She kicked and cried as the black hole consumed her. She was doomed, she thought as she suddenly heard other cries. At least she wasn't alone. Belle hoped that maybe she would at least have a nice safe landing. Belle then realized here at DUFF nothing was nice. She recognized this as her butt slammed into the hard concrete below. She had no time to think of pain as the picture unfolded before her.


	7. Failproof plans, JellO Tennis and Mary S...
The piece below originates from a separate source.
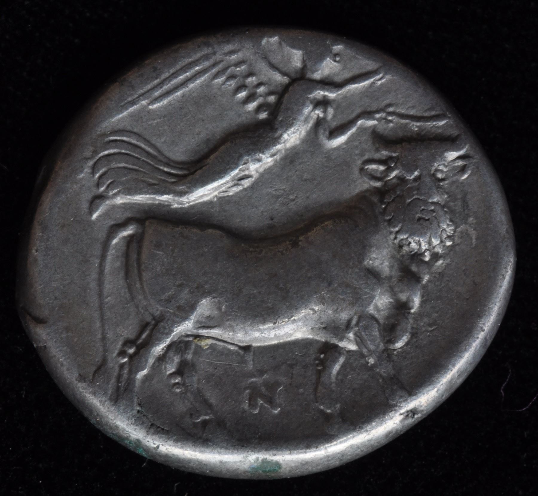 AR DIDRACHM 7.20gr. Head of Nymph r. Rev. Man-headed bull walking r. Nike flying above. SNG ANS 373 var S.299 var. VF.
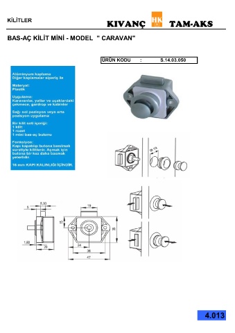 KİLİTLER KIVANÇ TAM-AKS BAS-AÇ KİLİT MİNİ - MODEL " CARAVAN" ÜRÜN KODU : S.14.03.050 4.013

While the plan in theory seemed fail-proof , as plans in theory do they like being tricky that way, the Overpower of Irony descended upon them as they regrouped in the corridor. The girls slowly turned the corner of the hallway. The corridors showed no distinction to that of it's original creation. The girls whom had gathered previously in their dorms had contemplated a fail–proof get your lust object plan. They now found themselves in the east wing in search of the rumoured Staff Section. To their knowledge this was where the Duff faculty congregated for meetings, meals and housing. When they locate the target location they would find their respective lust objects and steal them or have at least a glomp or two. 

"What could possibly go wrong?" Belle muttered looking at her fellow accomplices and thus awoke the great Power of Irony to dawn upon them and answer that question as thoroughly as possible. 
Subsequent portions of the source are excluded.